=== Problem requirements ===
The records are to be copied from the line that contains "In the rear" through their last line, word for word, with every picture left out.

=== Entries supplied ===

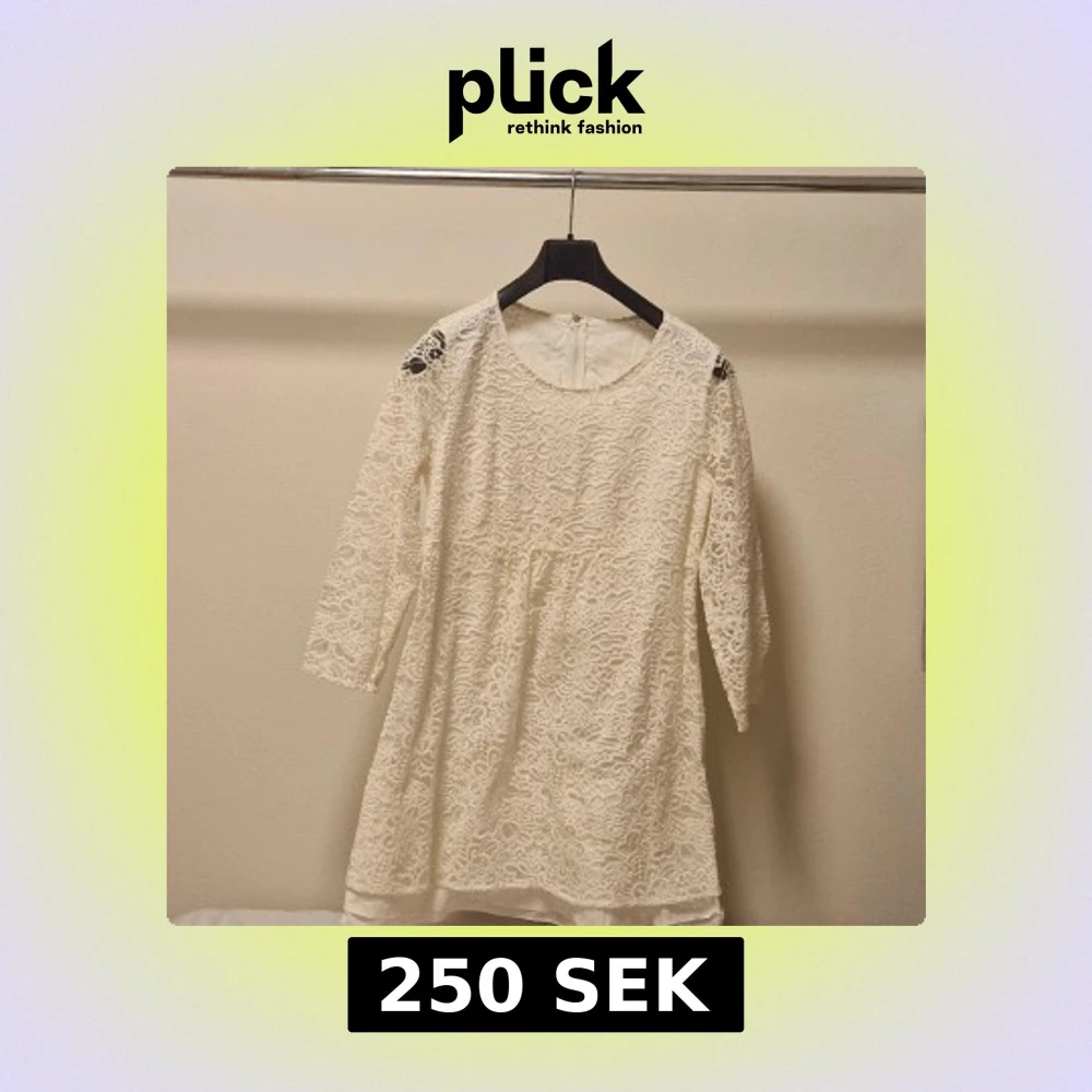 Charmig vit spetsklänning med trekvartsärm och ett vackert blommönster 🌸🌸 Den har dragkredja där bak. Lappen är borta så vet inte storlek men skulle säga s. Perfekt för vår och sommar eller som studentklänning! 🍾 Bara att skriva om ni har frågor 💗
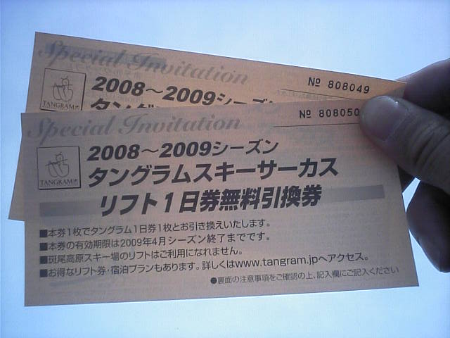メグラー支援券をいただいたタングラムスキーサーカスへ行ってきました。本日は裏山系の従兄弟と同行です。さかえ倶楽部で滑った後、R117から飯山市内を抜けて山道を登りやっと辿り着いた…という感じでした。いつもお世話になっているスキー場情報局さんのBBSの情報では今日はかなり混雑しているらしいですが、12時頃駐車場へ到着しました。
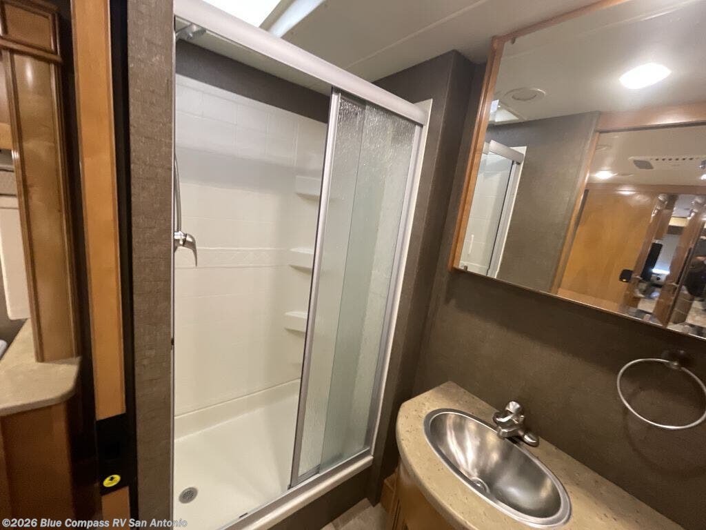 In the rear of the coach you will find a full bath with a toilet, a vanity sink, and a 36" x 30" shower.
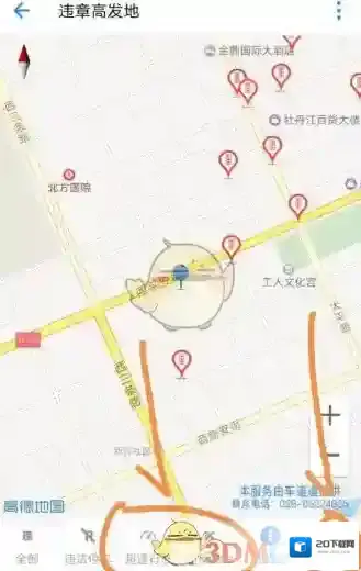 如果要查看超速行驶或者违反禁令或者其他违章高发地,点按箭头指向的标志即可。
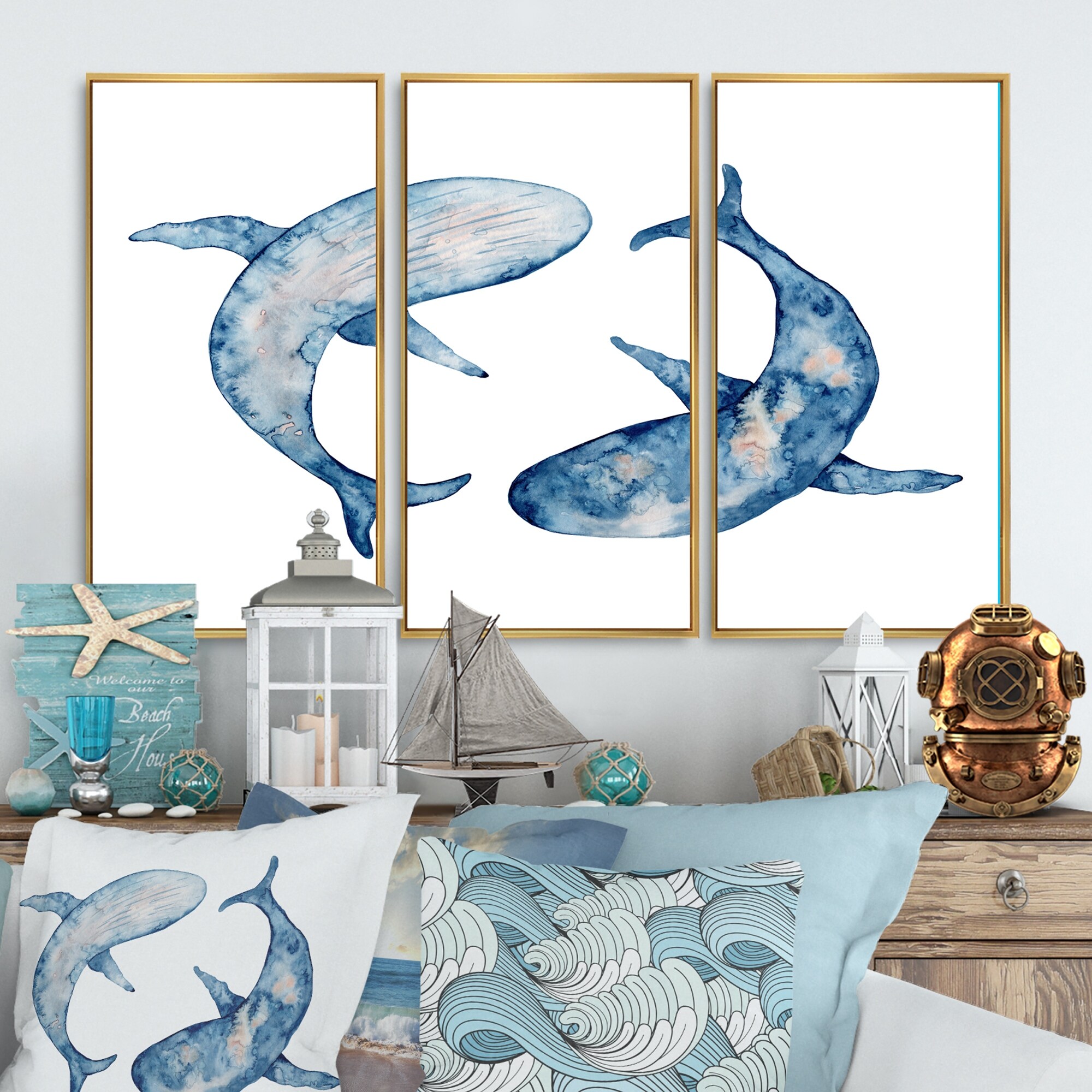 Designart "Blue Whales Watercolor Illustration on White" Nautical & Coastal Framed Art Prints Set of 3 - 4 Colors of Frames

=== Result for this exercise ===
 In the rear of the coach you will find a full bath with a toilet, a vanity sink, and a 36" x 30" shower.
 如果要查看超速行驶或者违反禁令或者其他违章高发地,点按箭头指向的标志即可。
 Designart "Blue Whales Watercolor Illustration on White" Nautical & Coastal Framed Art Prints Set of 3 - 4 Colors of Frames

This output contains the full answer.